To me it just looks pretty without anything technically interesting behind it. I guess some people could argue this helps uncovering clusters, maybe... What do you guys think of such ways of playing with parallel coordinates?


pretty but potentially really bad HCI
One of the principal issues with parallel coordinates is obfuscation, i.e. lines overlapping. By binding the edges like this, you actually exacerbate the issue. Its pretty much impossible to follow a line from left to right. As soon as it passes through one point, all lines come together so you have no idea where the line goes after that point. You could try and solve this by uniquely coloring lines but there are only so many differentiable hues. This of course partially depends on the task at hand. This type of view might still be used for identifying high level trends (e.g. most data that have high values of x go to low values of y). But, then it's not clear the advantage this would have over not bending the lines would have.
But, it appears these folks have tried similar things.
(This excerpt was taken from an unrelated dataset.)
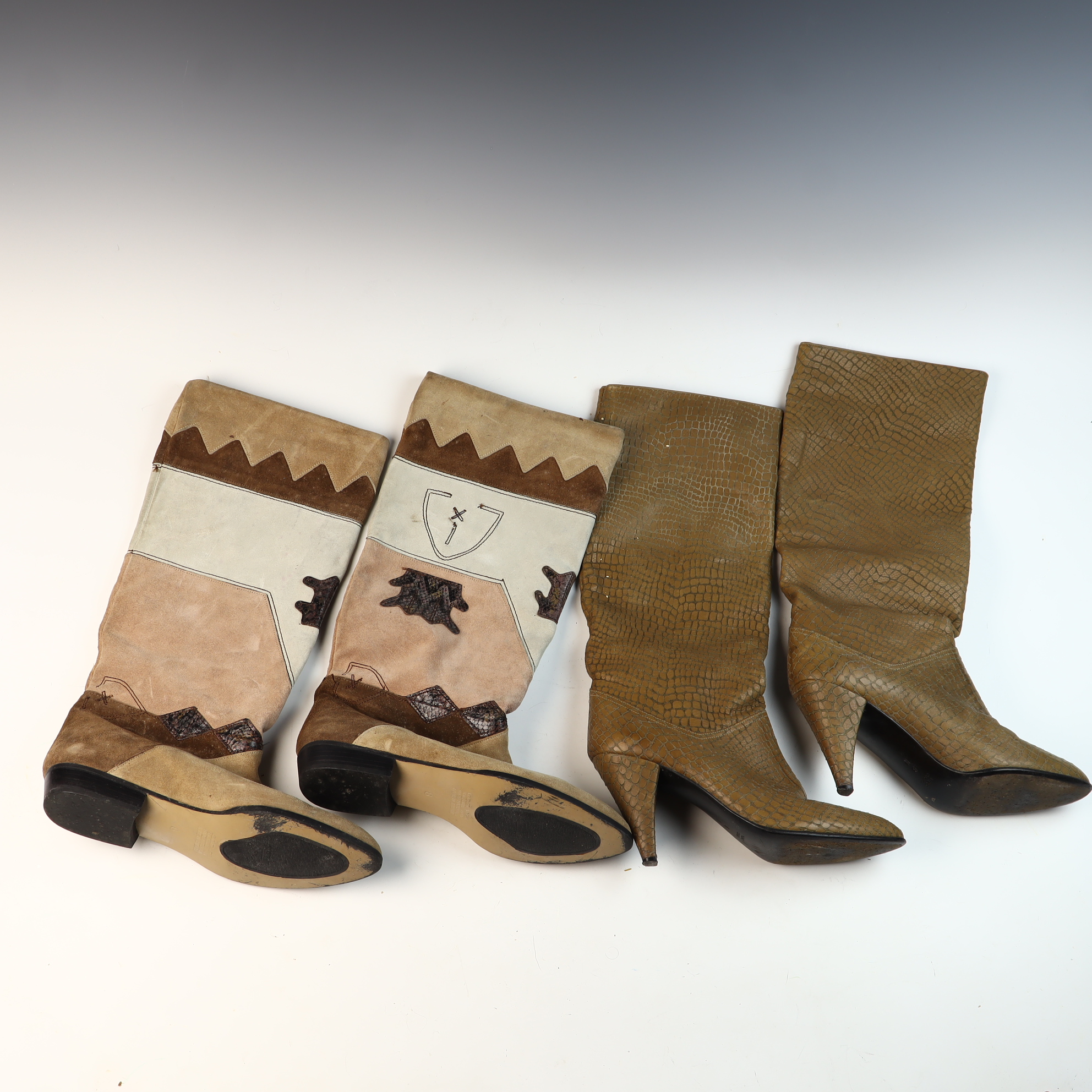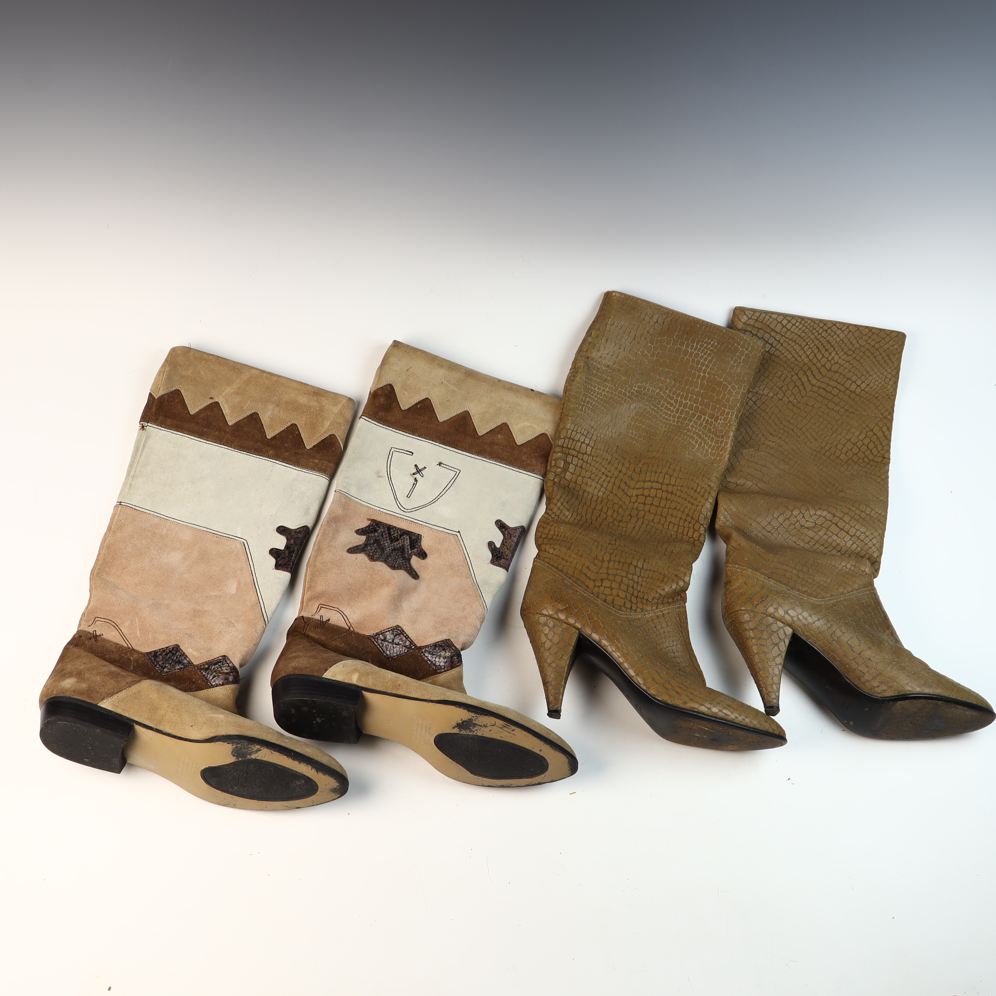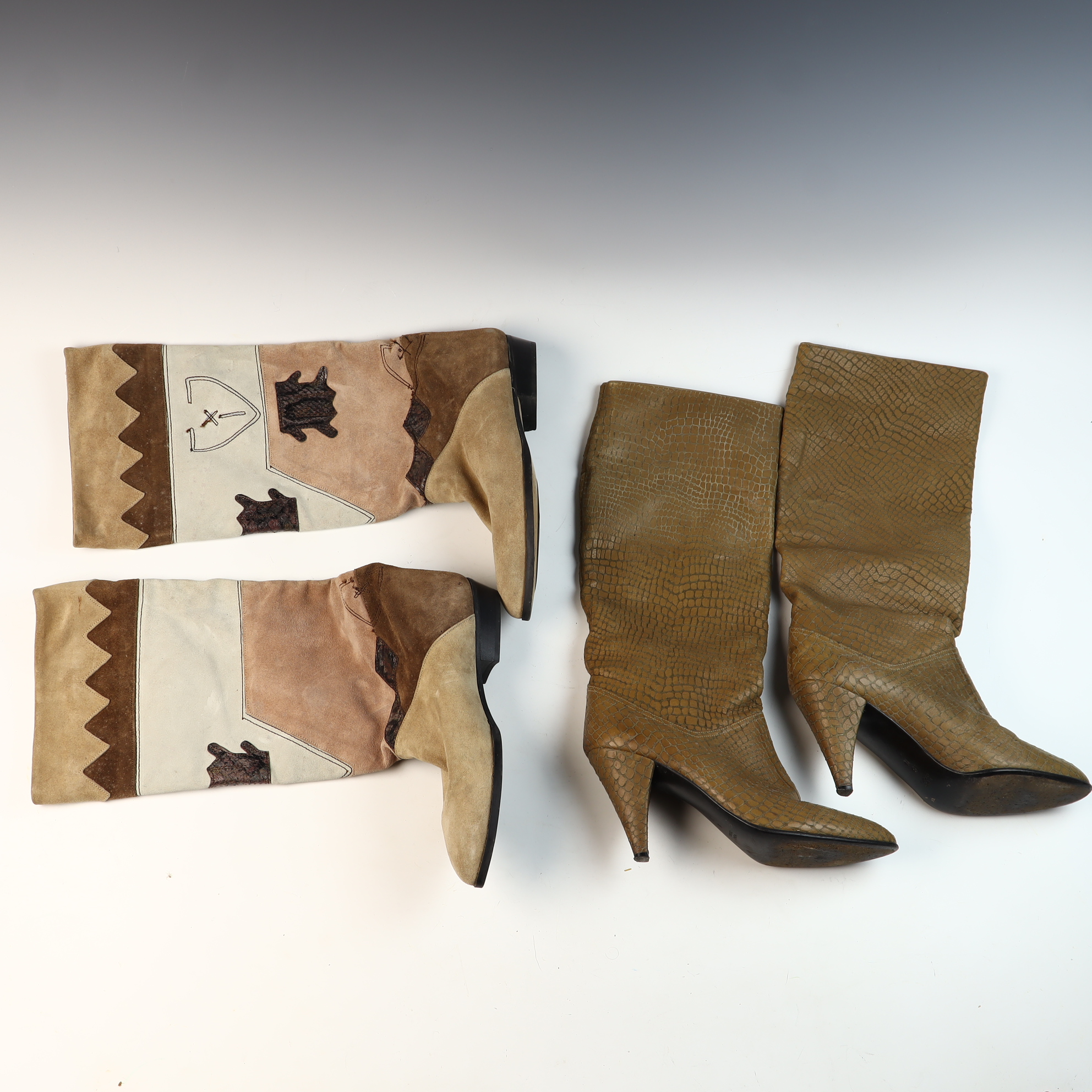 This lot features two pairs of vintage women’s boots of Italian manufacture. The first pair is a mid-calf to knee-high pull-on style characterized by a Southwestern-inspired aesthetic. The uppers are constructed from a patchwork of suede and leather in earth tones including tan, chocolate brown, beige, and cream, featuring jagged-edge overlays and embossed reptile-patterned accents. The soles are leather with rubber traction pads at the forefoot and a small stacked heel. The second pair consists of mid-calf slouch boots in olive green croc-embossed leather. These boots feature a pointed toe and a tall cone-shaped heel with a smooth-finished sole. Both pairs are marked with the number 8 and Made in Italy on the soles.Heel height pair one: Approximately 1 inchHeel height pair two: Approximately 3.25 inches.

I haven't read up on their stuff but it appears that have published at some respected conferences:
http://vis.pku.edu.cn/wiki/doku.php?id=project:infoviz
cool
Nice job, easier to read
might be useful
i've generated a few parallel coordinate plots that look really messy, and i look forward to re-doing them with the curve option. it kind of reminds me of the "flow bundle" technique described in this paper .
Evaluating graphing techniques
On a five point scale for evaluating visualizations:
1. Useless
2. Pretty but useless
3. Pretty
4. Pretty useful
5. Pretty and useful
This seems to be a 2, Pretty but useless from my perspective.